> WHAT IS REQUIRED
Keep each line of the material that includes "gramàtica", and leave out the rest.

EXERCISE DATA: Begin

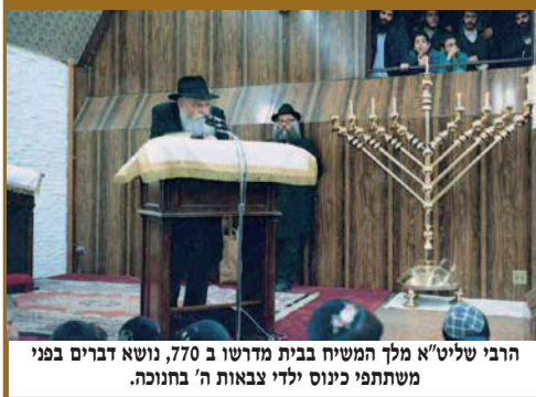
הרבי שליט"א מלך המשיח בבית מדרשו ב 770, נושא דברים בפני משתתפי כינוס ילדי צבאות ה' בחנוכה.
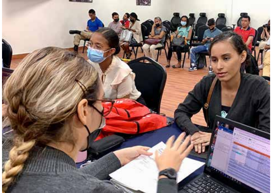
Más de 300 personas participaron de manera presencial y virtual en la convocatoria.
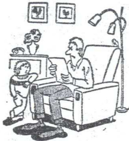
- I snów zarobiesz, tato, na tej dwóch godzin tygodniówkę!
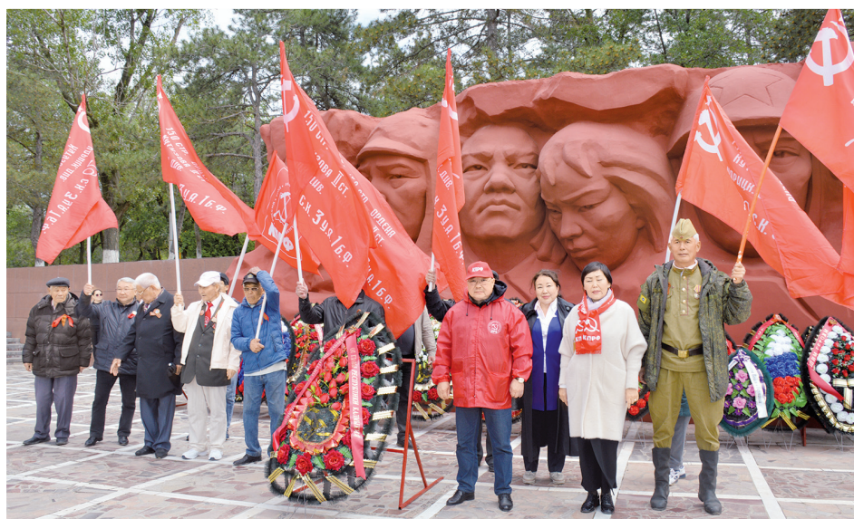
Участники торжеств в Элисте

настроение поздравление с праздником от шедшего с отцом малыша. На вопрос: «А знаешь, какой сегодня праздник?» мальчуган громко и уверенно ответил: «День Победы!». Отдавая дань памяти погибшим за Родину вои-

EXERCISE DATA: End
EXERCISE DATA: Begin

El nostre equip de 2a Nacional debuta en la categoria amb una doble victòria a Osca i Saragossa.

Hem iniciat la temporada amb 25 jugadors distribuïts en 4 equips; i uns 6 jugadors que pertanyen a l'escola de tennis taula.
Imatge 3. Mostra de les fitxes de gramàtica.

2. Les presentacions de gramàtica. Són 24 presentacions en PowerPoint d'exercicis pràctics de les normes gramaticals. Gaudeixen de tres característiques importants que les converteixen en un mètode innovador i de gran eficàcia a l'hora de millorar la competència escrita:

EXERCISE DATA: End
EXERCISE DATA: Begin

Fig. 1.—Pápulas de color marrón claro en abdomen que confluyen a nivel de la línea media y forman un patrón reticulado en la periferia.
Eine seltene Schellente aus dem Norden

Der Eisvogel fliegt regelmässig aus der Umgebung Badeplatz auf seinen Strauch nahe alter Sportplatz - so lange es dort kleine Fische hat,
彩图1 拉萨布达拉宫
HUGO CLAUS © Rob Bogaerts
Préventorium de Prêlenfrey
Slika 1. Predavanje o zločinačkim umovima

EXERCISE DATA: End

> SOLUTION FOR THIS PROBLEM
Imatge 3. Mostra de les fitxes de gramàtica.
2. Les presentacions de gramàtica. Són 24 presentacions en PowerPoint d'exercicis pràctics de les normes gramaticals. Gaudeixen de tres característiques importants que les converteixen en un mètode innovador i de gran eficàcia a l'hora de millorar la competència escrita:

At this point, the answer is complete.